# Snowflakes??



## hummerpoo (Apr 27, 2018)

http://www.foxnews.com/lifestyle/20...-anger-surprising-reporter-who-posted-it.html

While the strategic objective of this sub-forum is obviously to allay the Light, it is less obvious that the tactical objective is to create enough snowflakes to create a whiteout.


----------



## 660griz (Apr 27, 2018)

Please God, don't let the condom break tonight. Amen.


----------



## WaltL1 (Apr 27, 2018)

hummerpoo said:


> http://www.foxnews.com/lifestyle/20...-anger-surprising-reporter-who-posted-it.html
> 
> While the strategic objective of this sub-forum is obviously to allay the Light, it is less obvious that the tactical objective is to create enough snowflakes to create a whiteout.

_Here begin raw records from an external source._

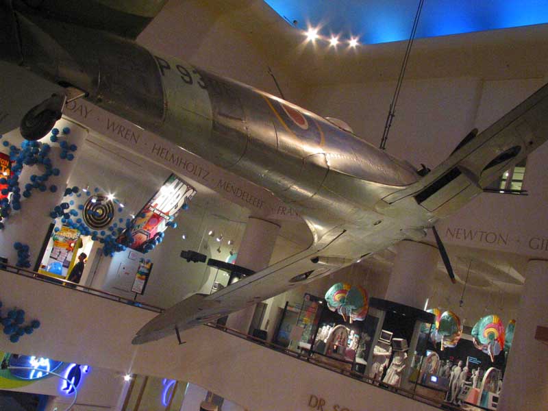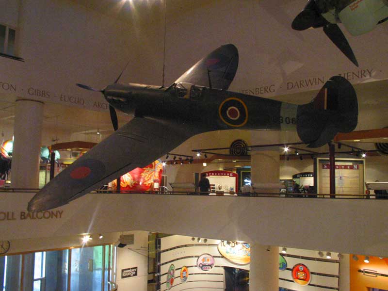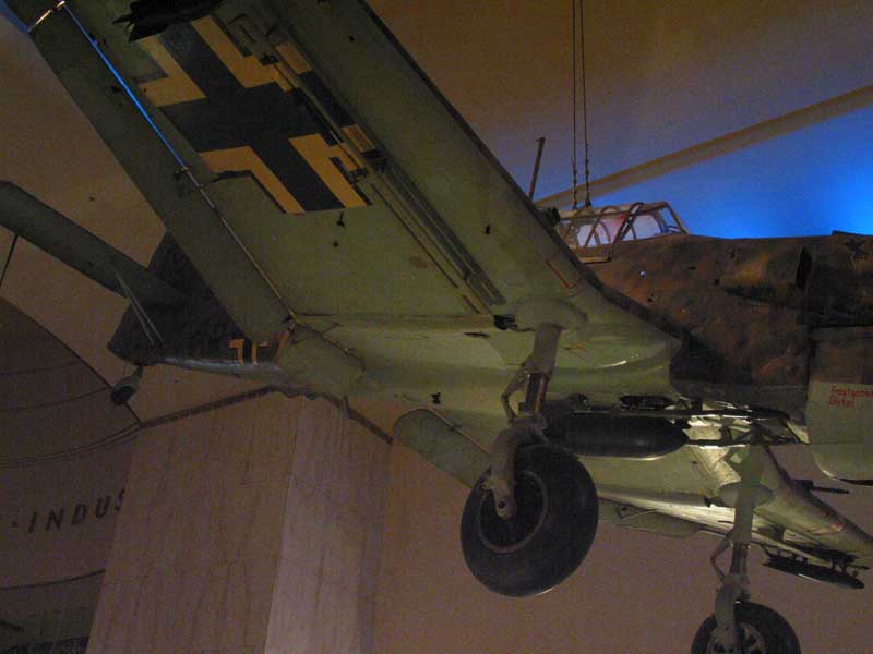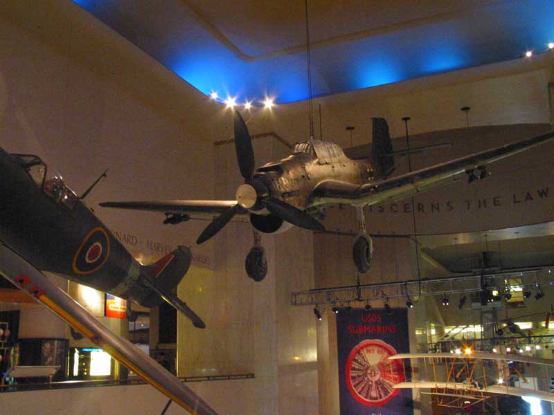 Farther down this long hall still hangs the German Stuka dive bomber, and the British Spitfire that swept Stukas from the skies during World War II.
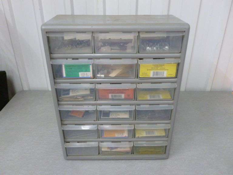 LOT 197 - Nice USA - 18 Drawer Poly Organizer / Loaded Up With New Hardware / Handyman Items
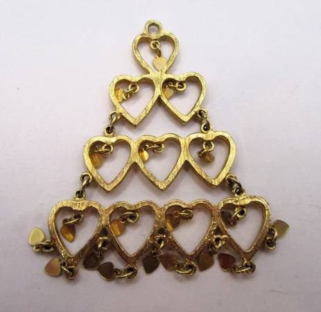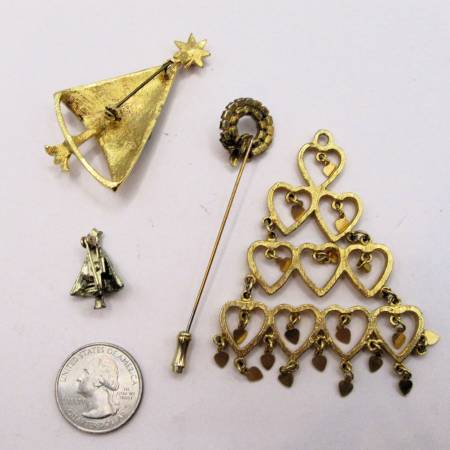 Three Christmas Holiday brooches and one gold tree with hearts (fashion jewelry item). The items shown are the items you will receive. Please examine the photos to confirm item details and to assess the conditions yourself. Feel free to message me if you have any questions or comments or would like to combine multiple orders. Also be sure and check out the other items I have for sale. Price listed is total for all. Thank You.
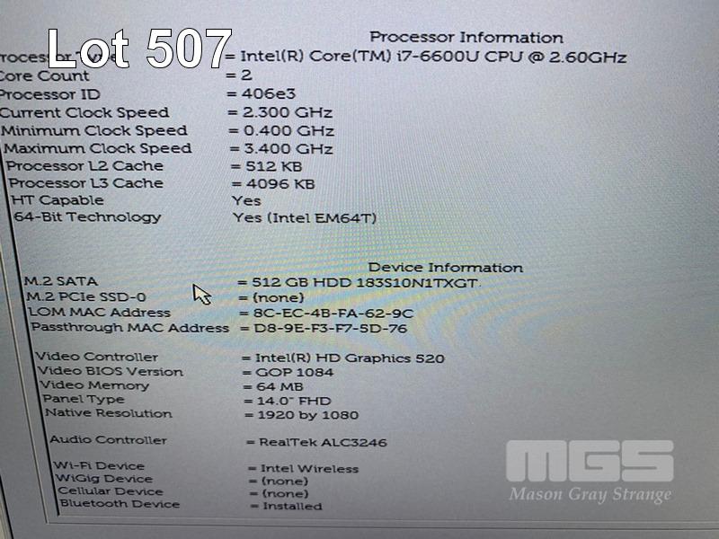 LAPTOP, DELL LATITUDE 7480, CORE i7 6600U (6TH GEN) @ 2.6GHz, 16GB DDR4 RAM, 512GB M.2 SSD, 14" WIDESCREEN (1920x1080), INTEL HD GRAPHICS 520, Wi-Fi, BLUETOOTH, WINDOWS 10 HOME INSTALLED & POWER SUPPLY S/N:BYG6ZM2
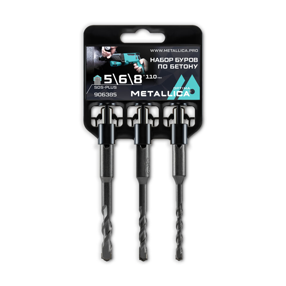 Набор буров по бетону SDS-plus 5, 6, 8 х 110/50 мм, 3 шт на клипсе (METALLICA) 906385
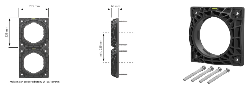 - Gumena brtva ispod prirubnice osigurava vodotijesnost između betona i zida
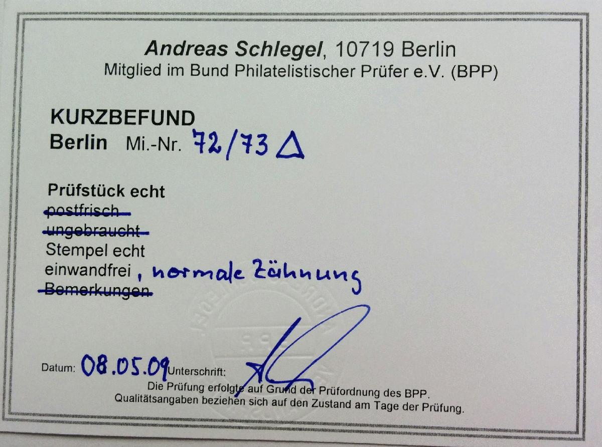 | Prüfer: | Schlegel, Andreas (BPP (Bund Philatelistischer Prüfer)) |

In my opinion your synopsis of this sub-forum is about as ridiculous as the people squabbling about a group of Christian kids saying a prayer before a meal.


----------



## WaltL1 (Apr 27, 2018)

660griz said:


> Please God, don't let the condom break tonight. Amen.


----------



## atlashunter (Apr 27, 2018)

The objective of this forum is to keep any snowflakes a few floors up from melting.


----------



## hummerpoo (Apr 28, 2018)

waltl1 said:


> in my opinion your synopsis of this sub-forum is about as ridiculous as the people squabbling about a group of christian kids saying a prayer before a meal.



o.k.


----------



## hummerpoo (Apr 28, 2018)

atlashunter said:


> The objective of this forum is to keep any snowflakes a few floors up from melting.



I will watch for the altruism.


----------



## SemperFiDawg (May 1, 2018)

hummerpoo said:


> http://www.foxnews.com/lifestyle/20...-anger-surprising-reporter-who-posted-it.html
> 
> 
> 
> While the strategic objective of this sub-forum is obviously to allay the Light, it is less obvious that the tactical objective is to create enough snowflakes to create a whiteout.



Props for your on-point humor.

Saw this article last week and I wonder just how long it’s going to be before some business or patron tells a family praying before a meal that it’s inappropriate or not allowed.  Some people go to great lengths, become utterly offended, and spend a lot of time trying to thwart something they deny exists in the first place. Think about THAT for a minute.


----------



## SemperFiDawg (May 1, 2018)

hummerpoo said:


> I will watch for the altruism.



Might be a good time for a Snickers bar.


----------